(What the exercise asks) Your output should be the exact lines from the start of the data through the line containing "浴室暖房換気乾燥機付きの浴室。自動お湯張りもでき、浴槽にお湯", with no pictures.

(Data)
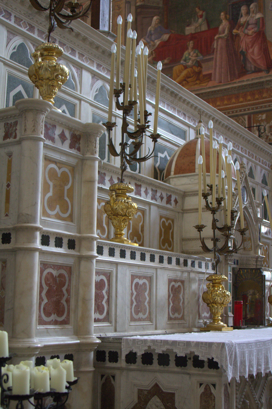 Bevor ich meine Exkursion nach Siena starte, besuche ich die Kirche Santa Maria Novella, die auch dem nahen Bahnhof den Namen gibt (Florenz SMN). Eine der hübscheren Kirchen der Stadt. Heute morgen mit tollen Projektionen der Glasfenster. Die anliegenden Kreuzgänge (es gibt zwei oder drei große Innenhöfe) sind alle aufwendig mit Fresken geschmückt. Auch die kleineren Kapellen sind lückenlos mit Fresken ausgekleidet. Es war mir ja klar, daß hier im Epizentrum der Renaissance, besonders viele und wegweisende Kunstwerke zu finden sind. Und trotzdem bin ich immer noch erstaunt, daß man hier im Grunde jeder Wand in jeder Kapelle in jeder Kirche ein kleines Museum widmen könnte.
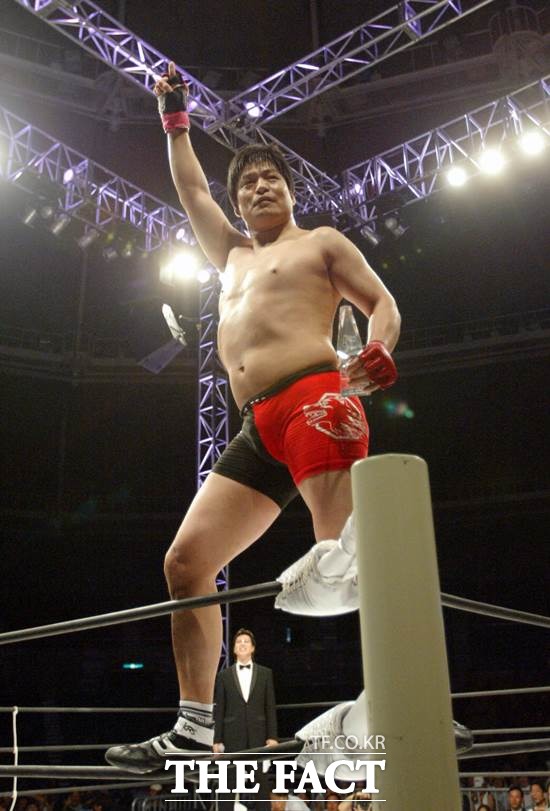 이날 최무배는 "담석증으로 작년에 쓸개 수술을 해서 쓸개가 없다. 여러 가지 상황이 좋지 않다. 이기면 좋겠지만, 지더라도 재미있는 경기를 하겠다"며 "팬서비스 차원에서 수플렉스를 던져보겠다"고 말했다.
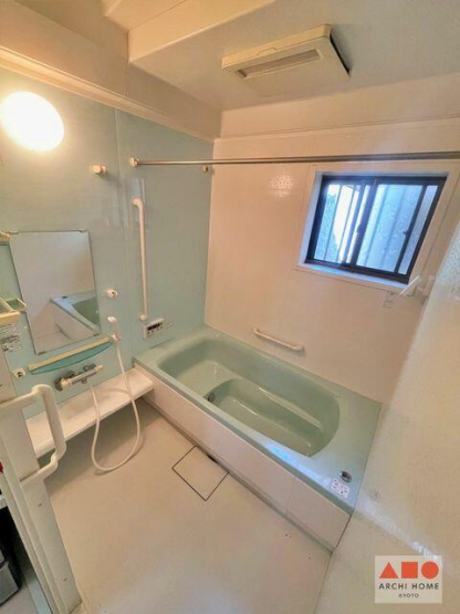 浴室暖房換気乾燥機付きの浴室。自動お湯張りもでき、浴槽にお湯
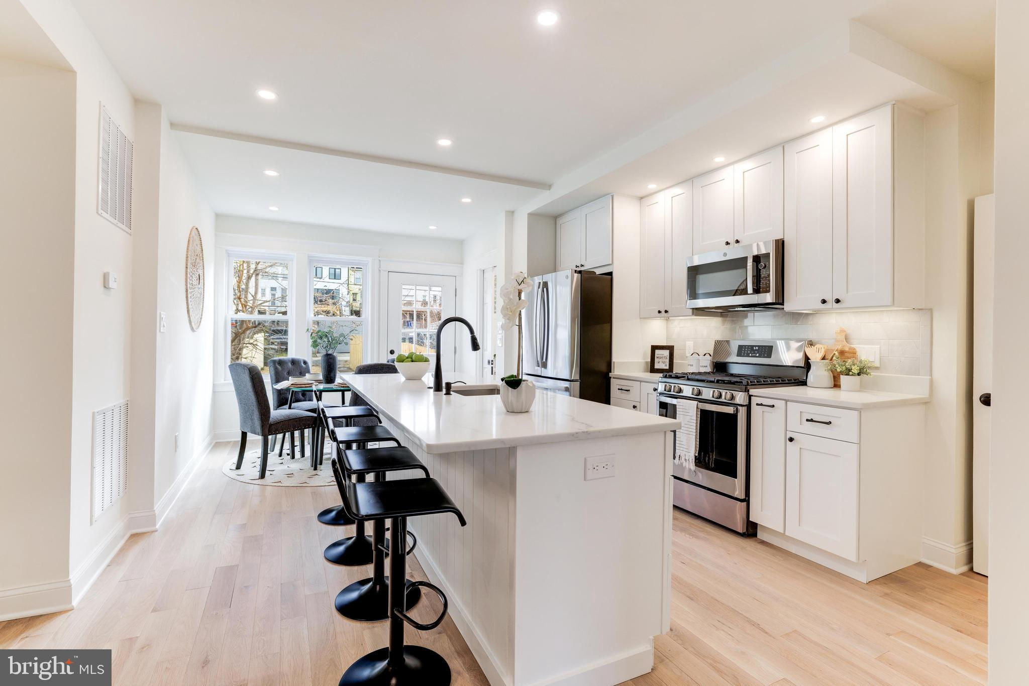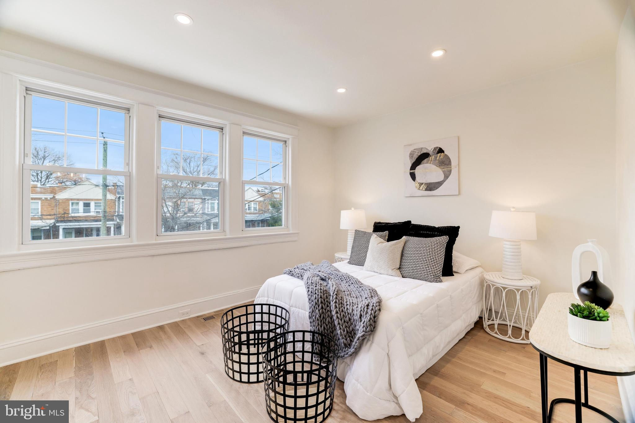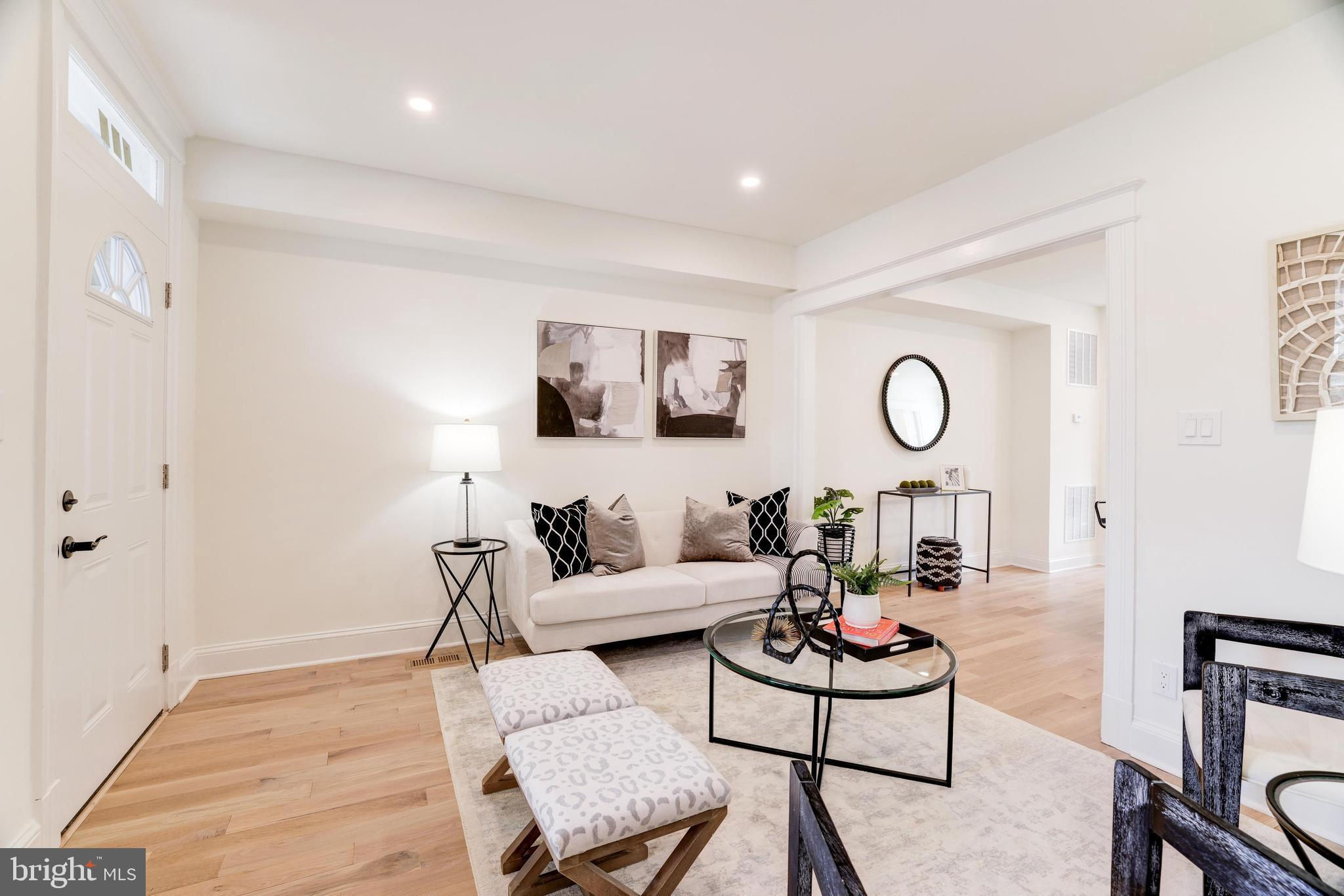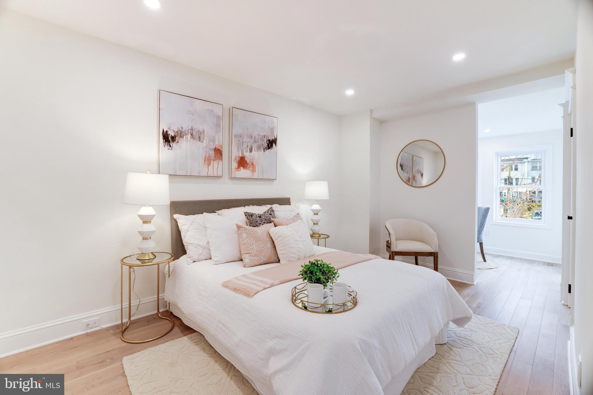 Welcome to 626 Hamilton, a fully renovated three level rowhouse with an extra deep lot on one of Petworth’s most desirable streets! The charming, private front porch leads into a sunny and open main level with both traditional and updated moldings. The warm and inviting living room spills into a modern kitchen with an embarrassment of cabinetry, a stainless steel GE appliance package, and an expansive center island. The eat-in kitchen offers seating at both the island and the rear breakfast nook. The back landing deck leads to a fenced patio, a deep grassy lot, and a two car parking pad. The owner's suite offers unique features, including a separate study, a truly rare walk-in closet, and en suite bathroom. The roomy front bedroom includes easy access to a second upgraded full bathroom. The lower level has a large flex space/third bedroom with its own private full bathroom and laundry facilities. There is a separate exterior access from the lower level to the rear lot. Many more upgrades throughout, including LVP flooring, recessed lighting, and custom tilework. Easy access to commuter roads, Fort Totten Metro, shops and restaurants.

(Your response)
 Bevor ich meine Exkursion nach Siena starte, besuche ich die Kirche Santa Maria Novella, die auch dem nahen Bahnhof den Namen gibt (Florenz SMN). Eine der hübscheren Kirchen der Stadt. Heute morgen mit tollen Projektionen der Glasfenster. Die anliegenden Kreuzgänge (es gibt zwei oder drei große Innenhöfe) sind alle aufwendig mit Fresken geschmückt. Auch die kleineren Kapellen sind lückenlos mit Fresken ausgekleidet. Es war mir ja klar, daß hier im Epizentrum der Renaissance, besonders viele und wegweisende Kunstwerke zu finden sind. Und trotzdem bin ich immer noch erstaunt, daß man hier im Grunde jeder Wand in jeder Kapelle in jeder Kirche ein kleines Museum widmen könnte.
 이날 최무배는 "담석증으로 작년에 쓸개 수술을 해서 쓸개가 없다. 여러 가지 상황이 좋지 않다. 이기면 좋겠지만, 지더라도 재미있는 경기를 하겠다"며 "팬서비스 차원에서 수플렉스를 던져보겠다"고 말했다.
 浴室暖房換気乾燥機付きの浴室。自動お湯張りもでき、浴槽にお湯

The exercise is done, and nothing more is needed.